Adding the average estimate of 209 000 DALYs to the earlier figure reported by Eckelman and Sherman2 for non-GHG results increased US health care–related public health damages to a total of 614 000 DALYs per year for all emission types. Because actual global GHG emissions exceeded those predicted in the SRES scenarios for the early 21st century,9 the health damage factors we used may well underestimate actual health damages over the coming decades.

DISCUSSION

Health care–related pollution represents a notable portion of total US emissions for multiple pollutant classes.2 Using health damage factors to project the potential impacts of these emissions on public health helps to translate the sometimes abstract issues of climate change and environmental sustainability to metrics that are familiar to health care professionals. National health care sector emission disease burden could serve as a new global health metric,10 and development of methods for international comparisons are underway. Such efforts could engage health care leadership globally and be leveraged to increase climate change adaptation and mitigation as a public health priority as called for by The Lancet Commission.1 Furthermore, because health professionals interface with the public, their engagement could serve as a multiplier for an engaged citizenry armed with a greater awareness of the potential health impacts of climate change.
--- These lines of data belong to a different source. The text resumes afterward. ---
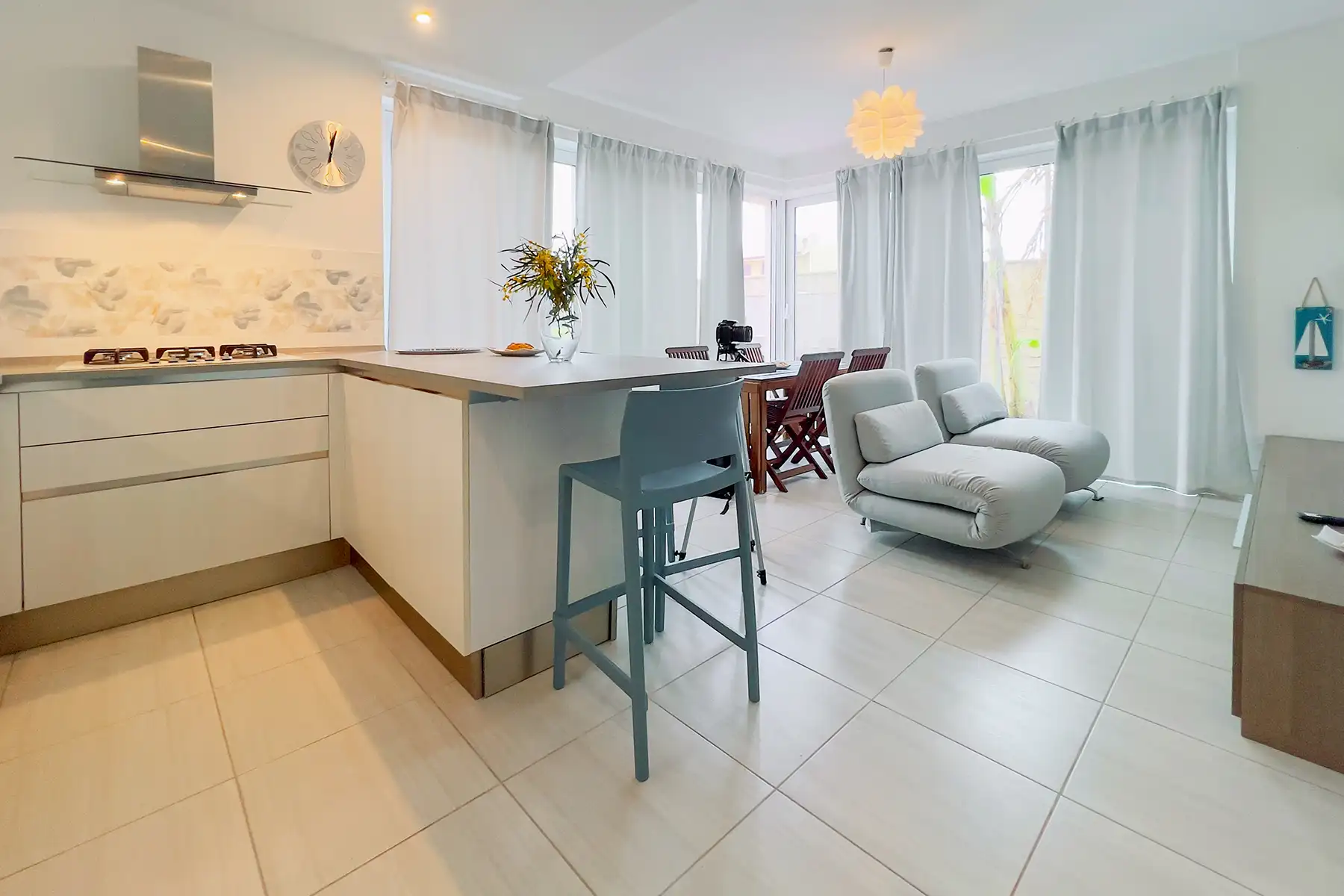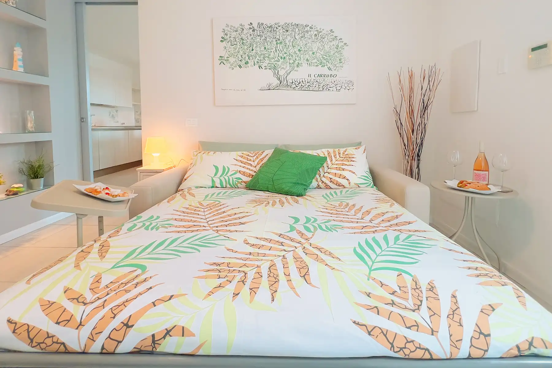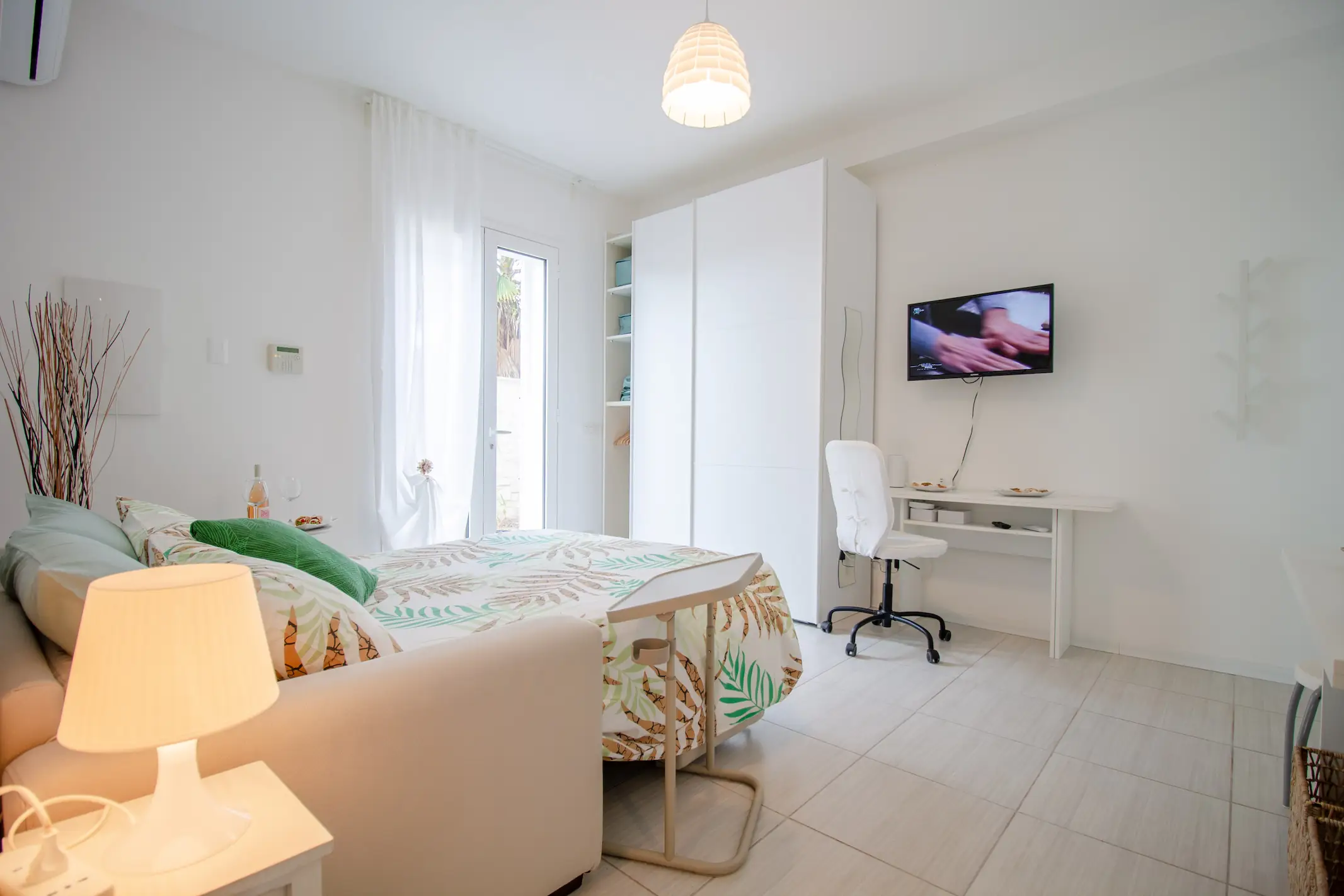 Tutto l’appartamento è pervaso dalla luce naturale e dalla brezza del giardino, creando un ambiente fresco, rilassante e perfetto per ogni momento della giornata.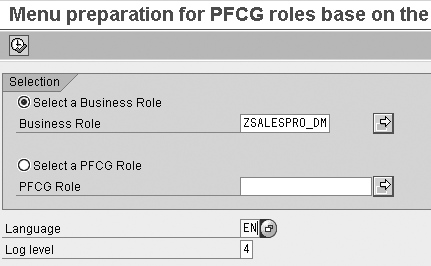 Step 4. Generate your PFCG profile. As a part of the SAP CRM 2007 release, a new program gathers all the authorization objects required to meet the functionality provided in a Business Role. To use this program, go to transaction SE38 and execute program CRMD_UI_ROLE_PREPARE.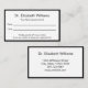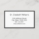La carte de rendez-vous de ce médecin professionnel est recto verso. Les deux côtés ont une élégante bordure noire. Le premier côté contient une ligne de texte d'affichage pour le nom du médecin ou du médecin. La deuxième ligne du texte d'affichage indique "Votre prochain rendez-vous". La deuxième partie comporte également des lignes pour la date et l'heure du rendez-vous. En bas, il y a le texte d'affichage que vous pouvez modifier pour créer un message personnalisé si vous le souhaitez. (Affichage : Veuillez fournir un préavis de 24 heures si vous ne pouvez pas garder votre rendez-vous.) La deuxième partie a un texte d'affichage à remplacer par le nom du médecin (ou le nom de l'exercice) et son adresse, son numéro de téléphone et son site Web. Tout le texte peut être modifié ou supprimé. Le texte est noir.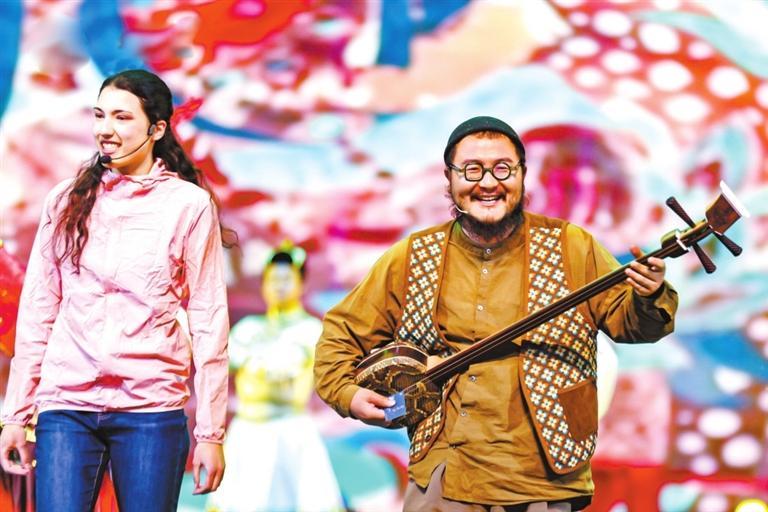音樂響起,舞蹈《絲路之光》以漢唐雄風(fēng)暢迎四海賓朋,鏗鏘有力的武術(shù)表演《問道崆峒》引發(fā)陣陣掌聲、雜技《生命禮贊》讓觀眾的心懸在了半空中又落下、敦煌復(fù)原服飾秀《絕色敦煌》讓觀眾“沉浸式”感受黃河文化、長城文化、絲路文化的交融與碰撞。演員們身著民族服飾載歌載舞集中展示甘肅省少數(shù)民族的獨(dú)特人文風(fēng)情和各族人民對美好生活的禮贊。除此之外,甘肅本土民謠音樂人張尕慫和英國音樂人肖恩聯(lián)合創(chuàng)作的《我畫個甘肅給你看》,通過音樂舞蹈向海內(nèi)外游客發(fā)出暢游如意甘肅的誠摯邀請。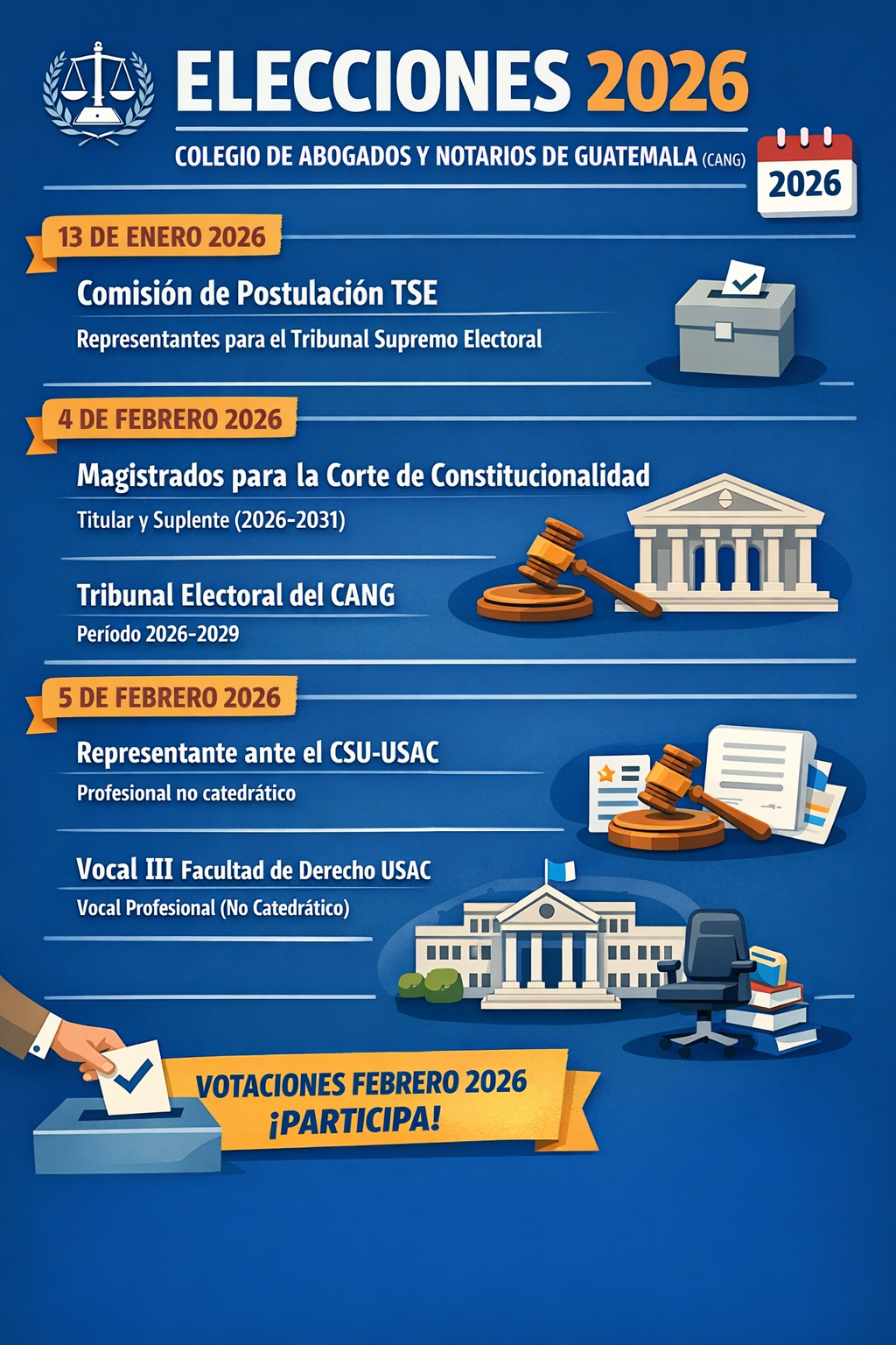 Este es un momento histórico para el gremio jurídico en Guatemala. El año 2026 no es un periodo cualquiera; es el año en que el Colegio de Abogados y Notarios de Guatemala (CANG) ejerce su mayor cuota de poder político-institucional al influir en la integración de la Corte de Constitucionalidad, el Tribunal Supremo Electoral y la Universidad de San Carlos.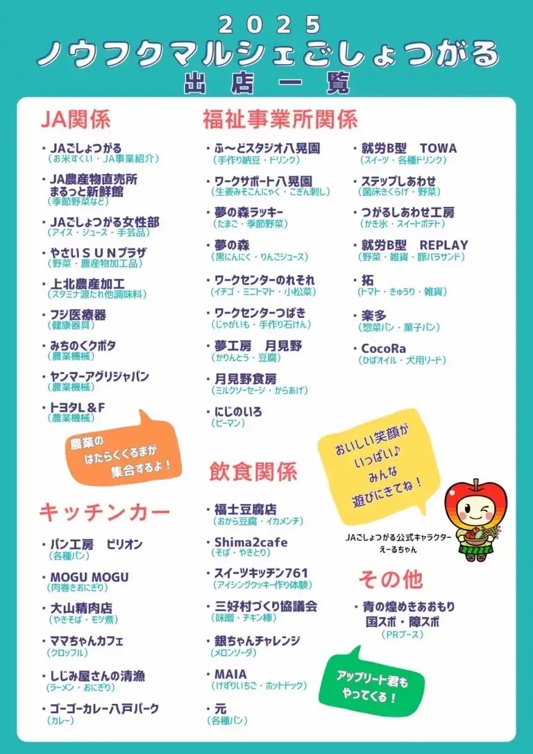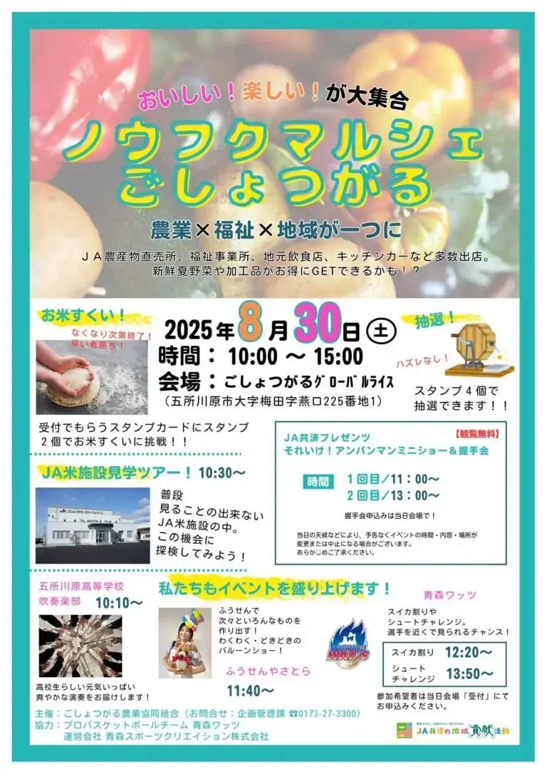 青森県五所川原市の ごしょつがるグローバルライス を会場に、「ノウフクマルシェ ごしょつがる 2025」が開催されます。開催日は 2025年8月30日(土)10:00~15:00。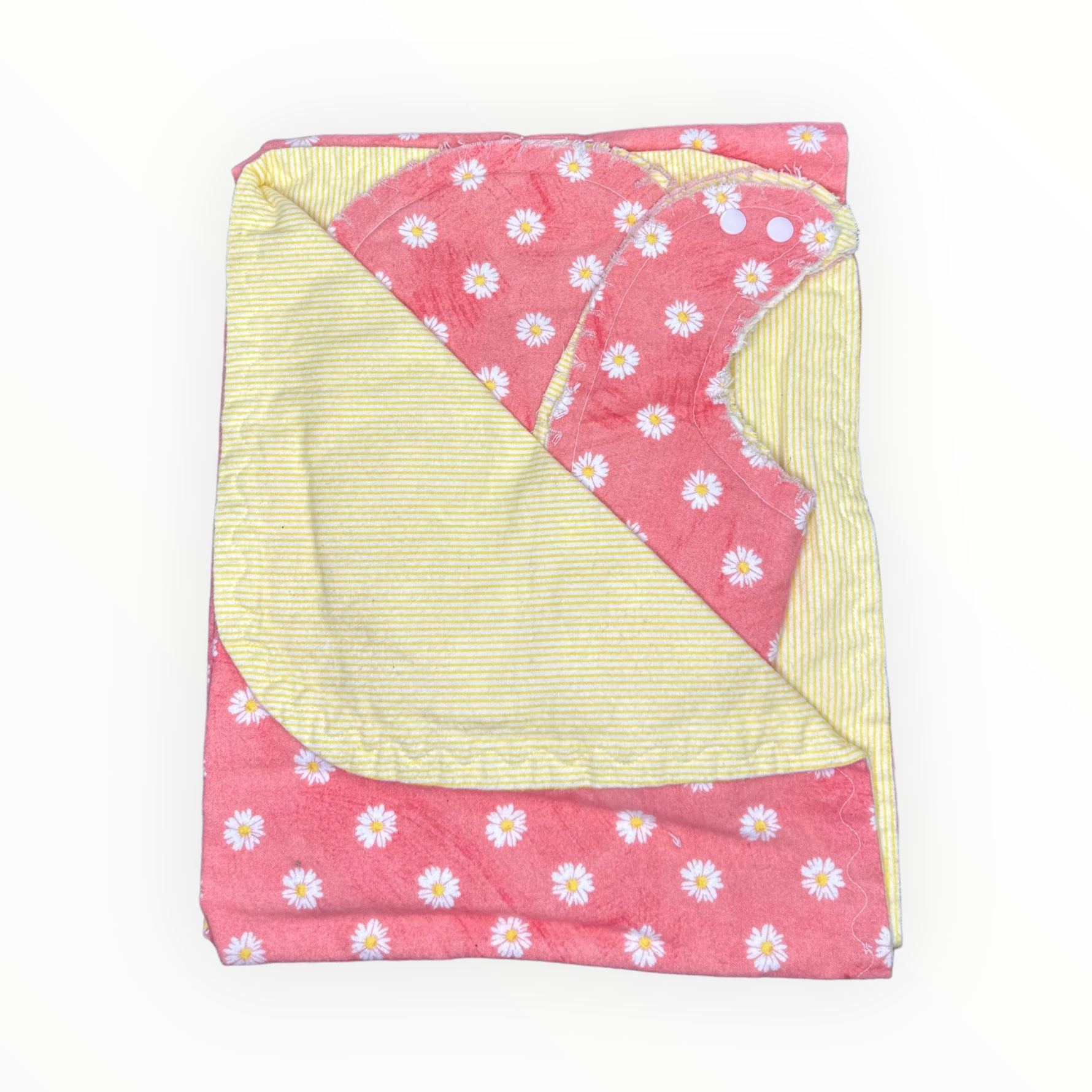 Sweet little daisys on a coral background with a pale yellow pinstripe flip side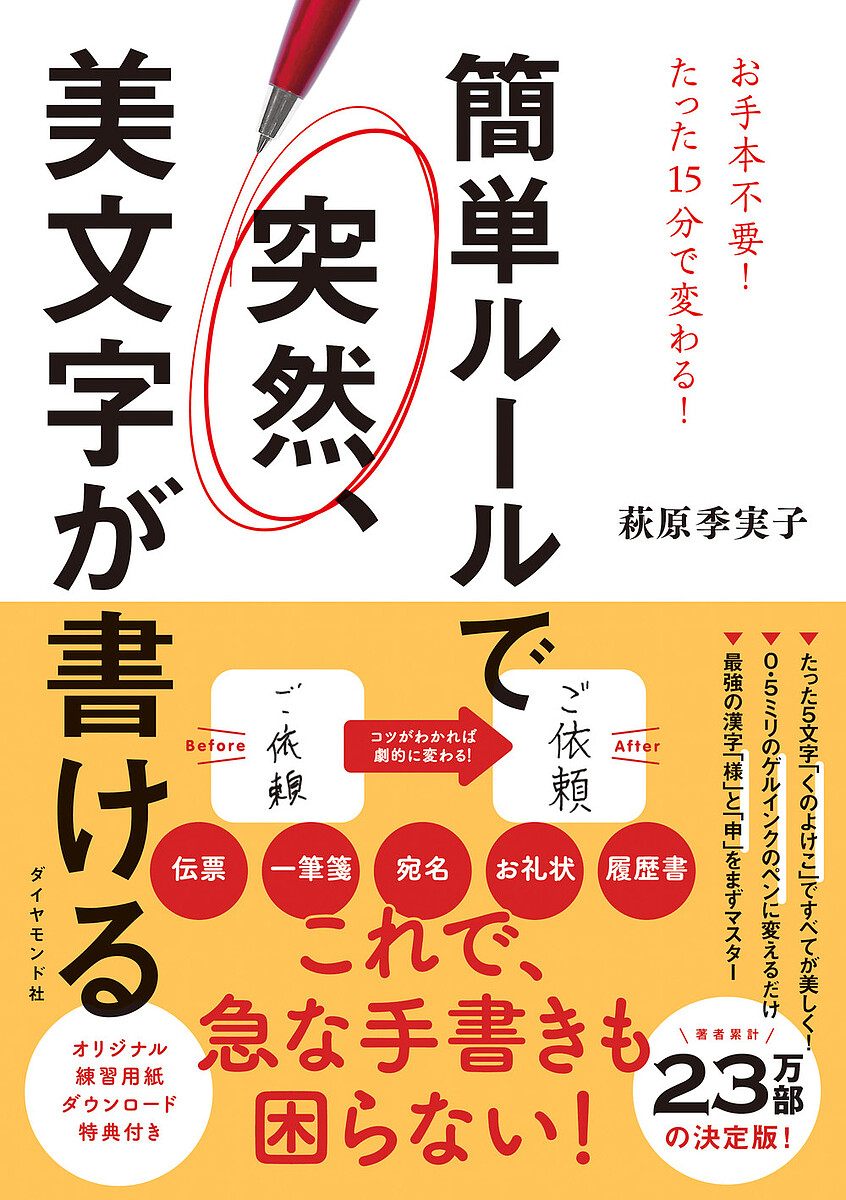 キーワード:簡単ルールで突然、美文字が書ける萩原季実子 かんたんるーるでとつぜんびもじがかける カンタンルールデトツゼンビモジガカケル はぎはら きみこ ハギハラ キミコ

PUBLIC HEALTH IMPLICATIONS

Although non-GHG emissions have primarily local or regional impacts, the deleterious effects of GHG emissions will be global. Efforts to improve the carbon footprint of the US health care system will thus have worldwide environmental and health co-benefits,11 and should be included in efforts to improve health care quality and safety, following the “health in all policies” principle.12

ACKNOWLEDGMENTS

J. D. Sherman was supported by the Anesthesia Patient Safety Foundation 2015 to 2016 award.

HUMAN PARTICIPANT PROTECTION

Institutional review board approval was not needed because no human participants were involved in this study.